파일명 예시: sarsa_lambda.py

from collections import defaultdict
import numpy as np
import random

class SarsaLambdaAgent:
    def __init__(self, env, lambda_=0.5, N0=100):
        self.env = env
        self.lambda_ = lambda_
        self.N0 = N0
        self.Q = defaultdict(lambda: {'hit': 0.0, 'stick': 0.0})
        self.N = defaultdict(lambda: {'hit': 0, 'stick': 0})
        self.E = defaultdict(lambda: {'hit': 0.0, 'stick': 0.0})  # eligibility traces

    def epsilon(self, state):
        total = sum(self.N[state].values())
        return self.N0 / (self.N0 + total)

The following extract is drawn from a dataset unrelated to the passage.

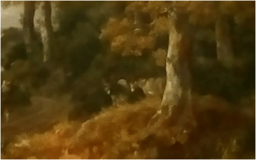 What we see here is a highly determined view of the common demographic base of a society in a common land (already threatened by enclosure) populated by common types and activities with animals that shared their owner’s lowly lives. But the central focus is the distant community and its very visible church. Indeed Asfour and Williamson say the traditional role of the forest as a symbol of confusion and moral disorder (as in Midsummer Night’s Dream) is paradoxically put in the ‘background’ ethically by a distant but clear view of (or indeed ‘a point of focus’ on) the church, to which a path wends its pilgrimage.[10] But I think, and will go on to explore further that these authors interpret these design features in the creation a whole painting in far too politically and perhaps religiously a conservative way, in precisely the way John Berger was questioning.

    def choose_action(self, state):
        if random.random() < self.epsilon(state):
            return random.choice(['hit', 'stick'])
        return max(self.Q[state], key=self.Q[state].get)

    def train(self, num_episodes=1000):
        for _ in range(num_episodes):
            self.E = defaultdict(lambda: {'hit': 0.0, 'stick': 0.0})  # reset traces
            state = self.env.reset()
            action = self.choose_action(state)

            done = False
            while not done:
                next_state, reward, done = self.env.step(state, action)
                next_action = self.choose_action(next_state) if not done else None

                # update counts
                self.N[state][action] += 1
                alpha = 1 / self.N[state][action]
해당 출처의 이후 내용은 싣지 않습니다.